Althea works on board a slaughtership, disguised as a young boy, in order to prove her seaworthiness. Brashen Trell, former first mate on the Vivacia and a disowned son of another prominent Bingtown family, is also serving on the ship. He keeps her identity secret and they have a brief relationship. Althea is rejected when the captain of the slaughtership discovers her true name. Althea and Brashen separate after a romantic dispute. Brashen takes a position on a pirate's trader ship. Althea joins the crew of the liveship Ophelia (owned by the Tenira family), and heads back to Bingtown to negotiate with her family.
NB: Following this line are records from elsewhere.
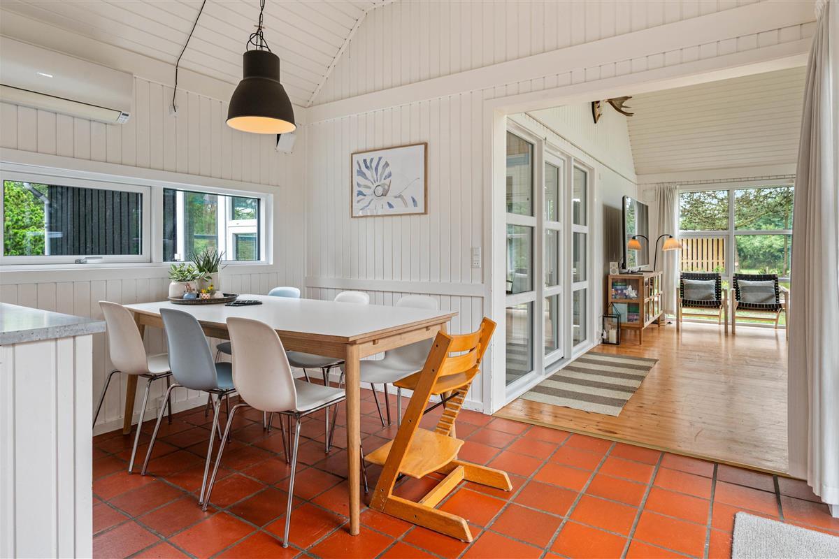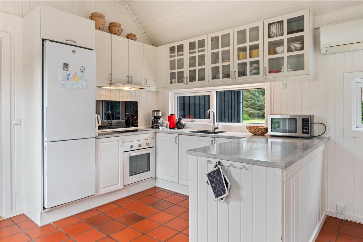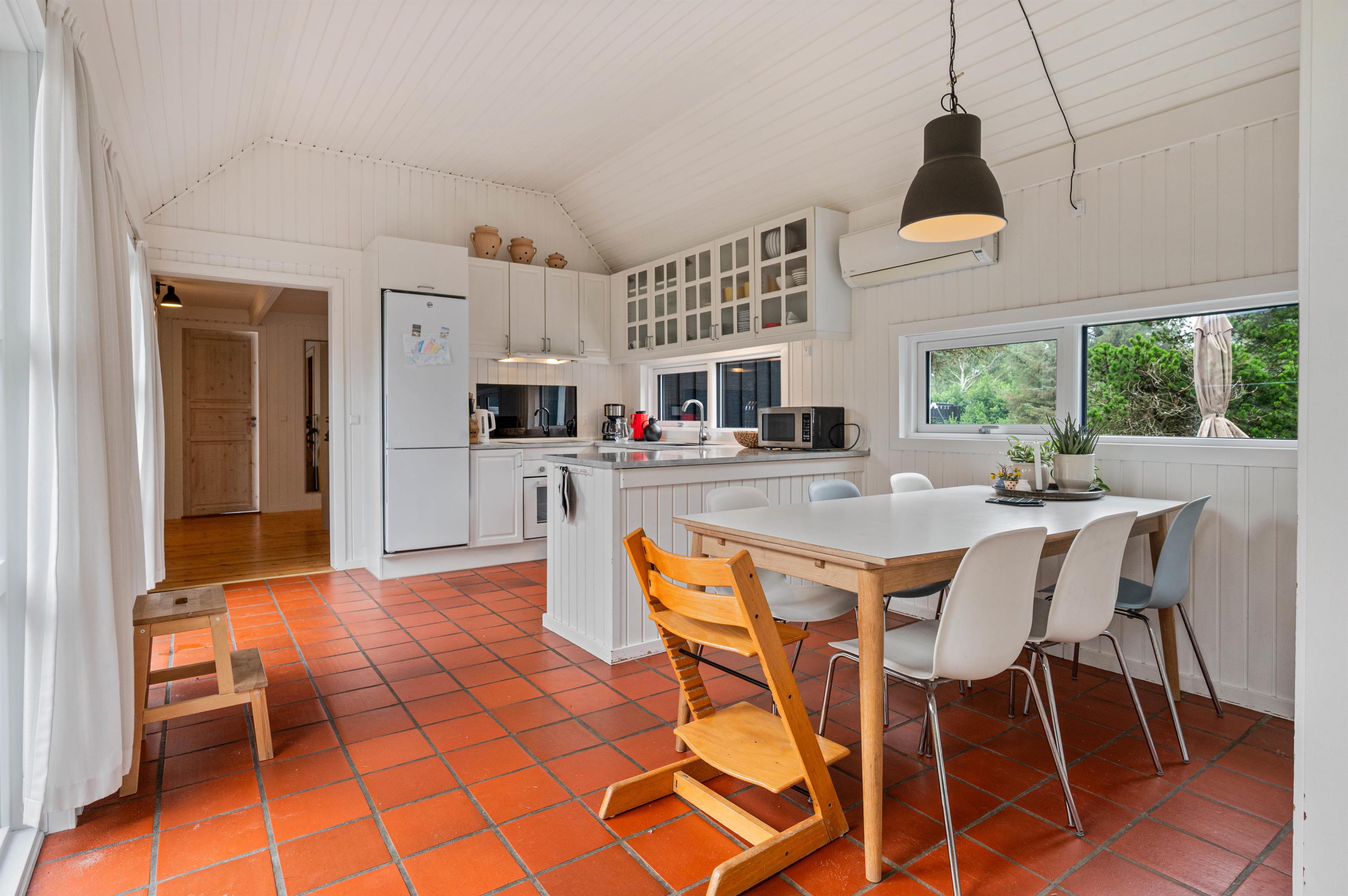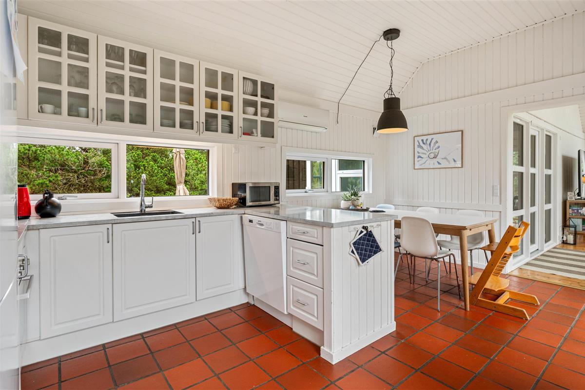 The kitchen opens onto the dining area, allowing children to play at the table while you prepare meals. The kitchen comes equipped with an induction hob, dishwasher and microwave. The holiday home also includes a 60-litre freezer.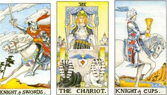 战车描述的是一个战士,已经学成了神秘学的启蒙,披装戴甲准备迎接挑战。战车牌的两旁,是两张骑士牌,行动方向是自中间向两边。这三张牌说的是,两位骑士是战车的延伸,为什么这么说,因为战车是大阿卡纳,主要是内在心灵与精神层面,而两张骑士牌则是将战车带入了现实的物质世界,是由内在带向外在的延伸。右边是圣杯骑士,行进缓慢,手持圣杯,貌似他再寻求某些支持或精神的实行。而左边的宝剑骑士寻求的似乎是战斗,杀死一切他认为该杀的东西。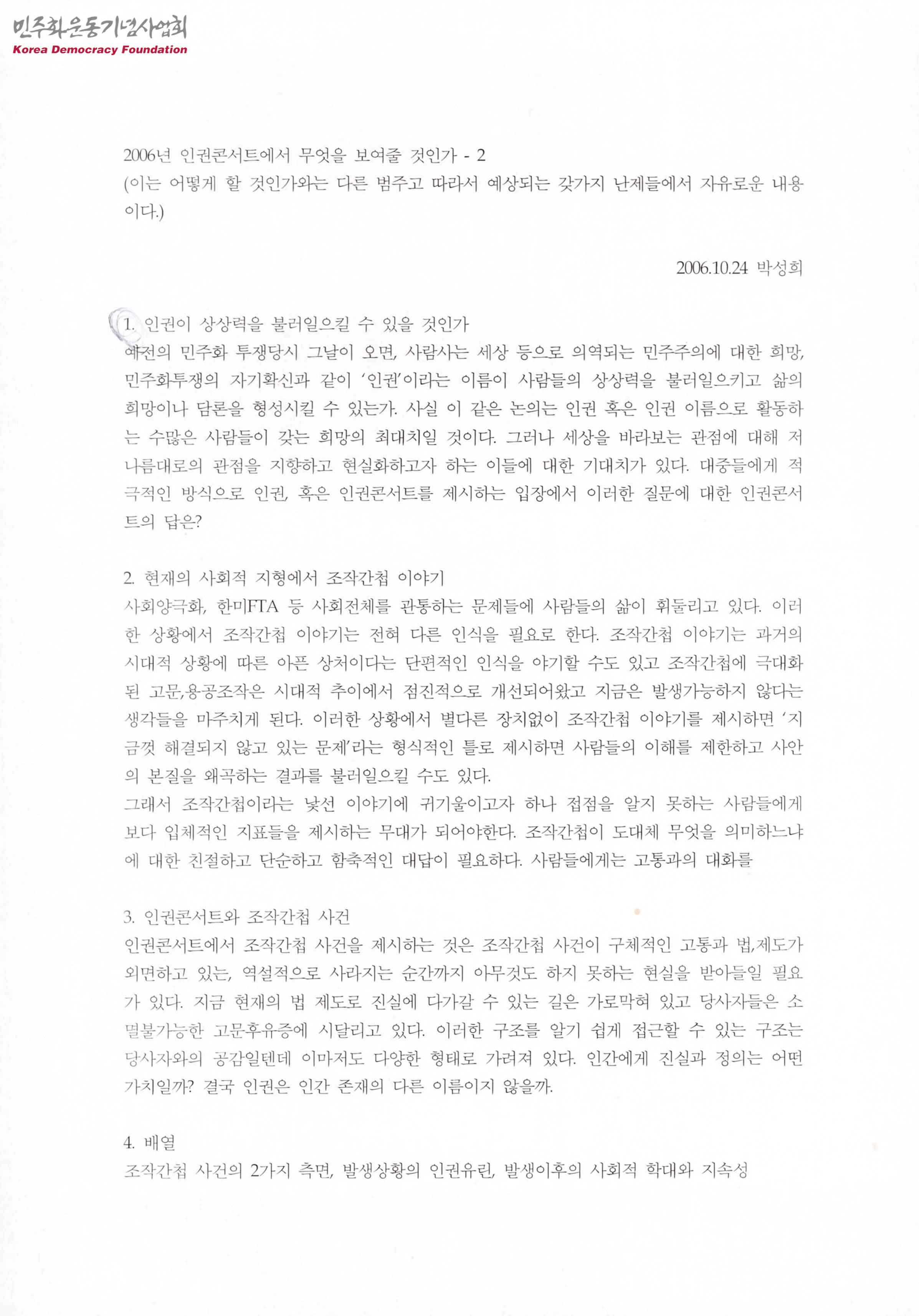 - 열여덟번째 인권콘서트에 어떤 내용을 담을 것인지에 대해 적은 문서로 내용은 다음과 같음 1, 인권이 상상력을 불러일으킬 수 있을 것인가 2. 현재의 사회적 지형에서 조작간첩 이야기 3. 인권콘서트와 조작간첩 사건 4. 배열 5. 배열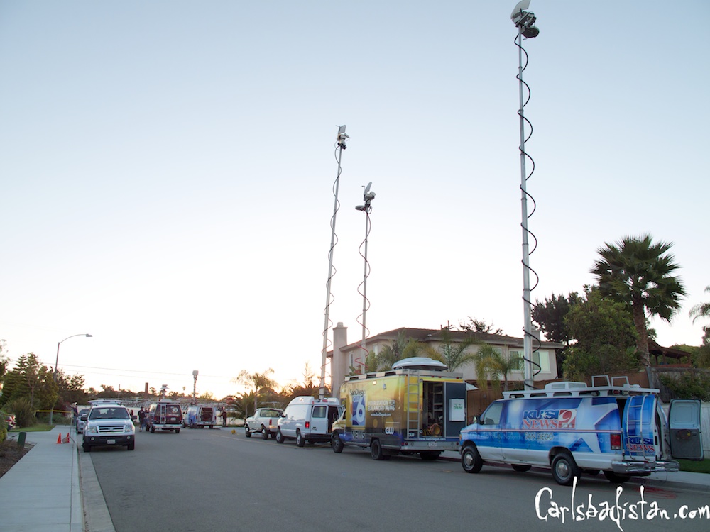 This morning at 7 AM the Carlsbad Police Crime Scene Unit was on location as were live satellite trucks from five San Diego news stations. Follow the jump for more photos.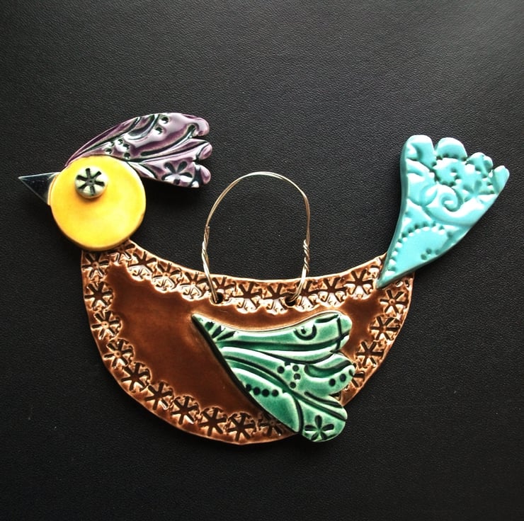 This cute little bird is designed to hang on the wall or from a plant or anywhere you like really!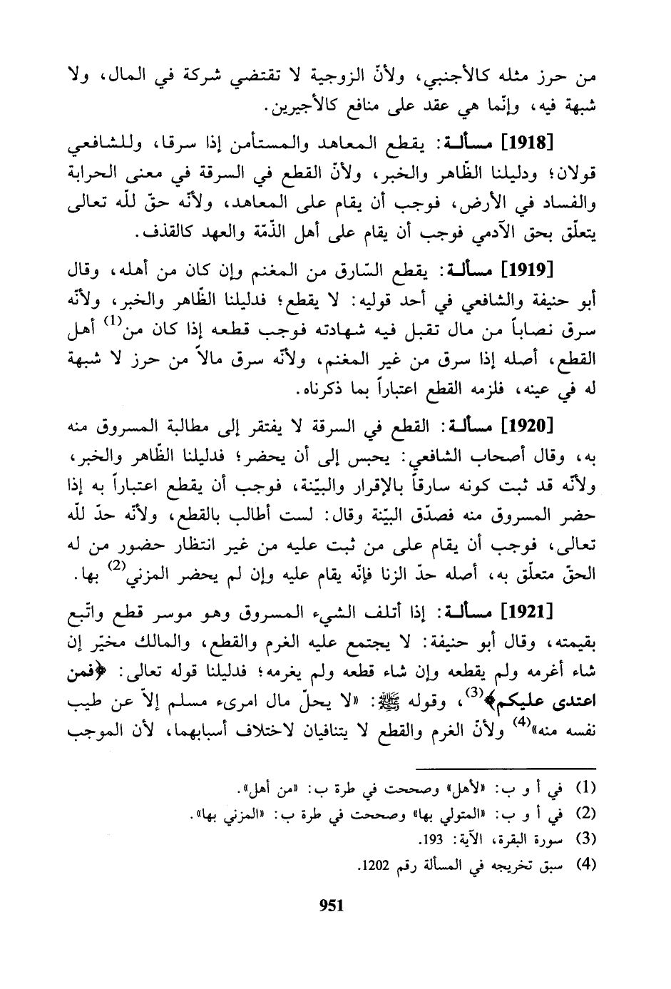 [1919] مسألة: يقطع السّارق من المغنم وإن كان من أهله، وقال أبو حنيفة والشافعي في أحد قوليه: لا يقطع؛ فدليلنا الظاهر والخبر، ولأنه سرق نصاباً من مال تقبل فيه شهادته فوجب قطعه إذا كان من أهل القطع، أصله إذا سرق من غير المغنم، ولأنه سرق مالاً من حرز لا شبهة له في عينه، فلزمه القطع اعتبارًا بما ذكرناه.
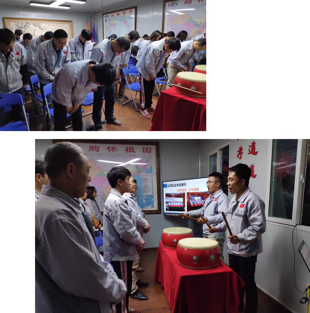 會議第二項議程,企業(yè)文化的展示。全體匯興人整肅衣冠對匯興人倍加推崇的“三道文化”(孝道、商道、人道)鄭重地鞠躬,莊嚴宣誓企業(yè)愿景:“成為全球領先的智能自動化產(chǎn)業(yè)鏈集成服務商”,企業(yè)使命:做受尊敬的好人,造受尊敬的產(chǎn)品,辦受尊敬的企業(yè),建受尊敬的平臺,企業(yè)精神“用情做人、用心做事”,團隊精神“忠誠團結、勤奮進取”,工匠精神:創(chuàng)于手、精于工、智于器、匠于心、品于行,行為準則:口中有德、目中有人、手中有技、心中有愛、行中有善,職業(yè)準則:對工作熱臉、對同事笑臉、對錯誤紅臉、對浪費黑臉、對榮譽爭臉。隨后二位核心精英擊士氣鼓,士氣比武器更重要,現(xiàn)場氣氛熱烈、振奮人心。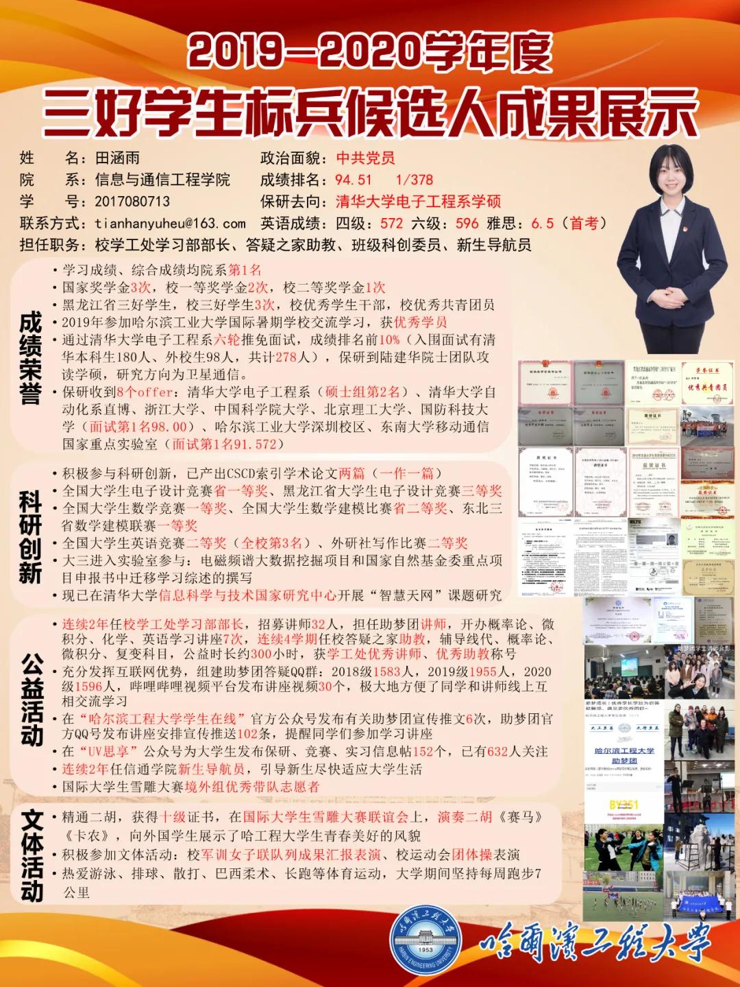 田涵雨,2017级电子信息工程专业,中共党员,成绩:94.51,年级排名:1/378,保研至清华大学电子工程系学硕,英语成绩:四级572六级596雅思6.5(首考),获得过国家奖学金3次,校-等奖学金2次,校二等奖学金1次。黑龙江省三好学生,校三好学生3次,校优秀学生干部,校优秀共青团员。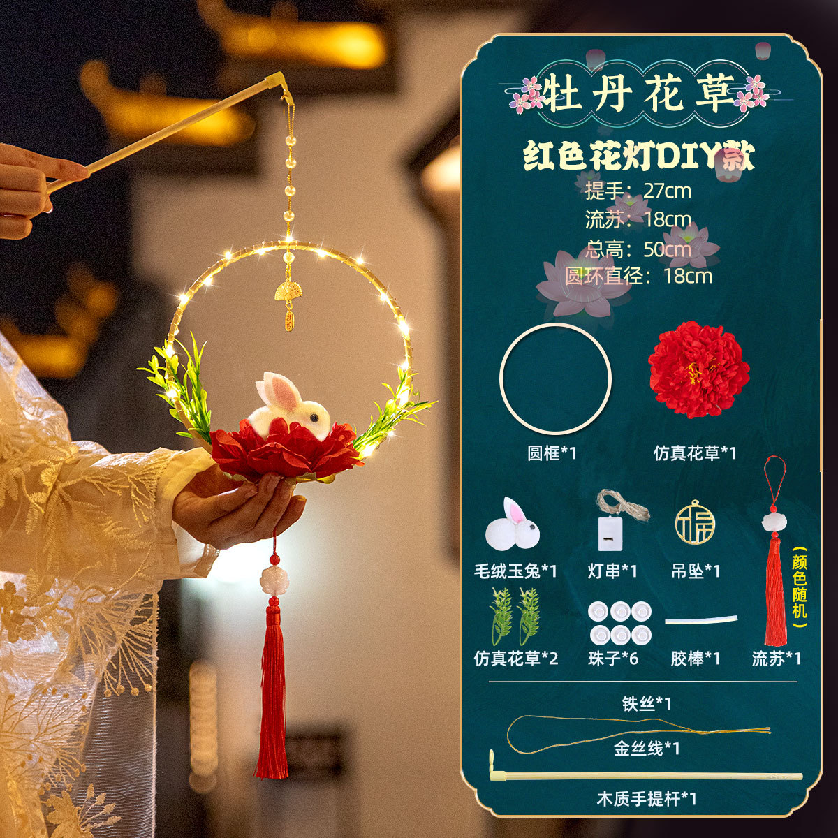 新年小兔子莲花灯手工灯笼幼儿园儿童手工diy材料包古风手提花灯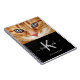 Un arrière - plan noir chic. Personnalisez et ajoutez votre photo, un nom, une lettre monogramme et un texte. Le nom est écrit en blanc avec un grand script de style à la main moderne avec des swashes. La lettre monogramme en gris. Pour que les swashes ne suppriment que le nom de l'échantillon, laissez les espaces ou les émoticônes devant et après le nom

Wintrow attempts to escape Kyle and abandons Vivacia, but he is captured by slavers and is tattooed as a slave. Kyle buys Wintrow and declares him the property of Vivacia. Separation from Wintrow, the violence and suffering of the slaves, and Wintrow's negative emotions cause Vivacia to become unstable. Slaves on the ship revolt, killing the entire crew except for Kyle and Wintrow, forcing Vivacia to feel the suffering of all. Shortly after, Kennit and his crew set their sights on Vivacia and board her. Wintrow bargains with Kennit, offering to treat Kennit's infected leg and help sail Vivacia in exchange for keeping Kyle alive. Vivacia, intrigued by Kennit, agrees to become his pirate ship.

==Reception==
Ship of Magic has generally received positive reviews. Reviewers praised the novel’s complex characters and plotlines. Wayne MacLaurin for SF Site said the book "weaves an intricate web of sword play, intrigue, family conflict and personal struggle all the while dropping delicious hints of darker secrets and unknown magic."

Kirkus Reviews gave a more tentative review, saying the book had "plenty of promising ideas and material, but heavily padded and with utterly inconclusive plotlines".

Criticism of the novel mostly revolves around the story length, with some feeling the book is "perhaps a hundred pages too long."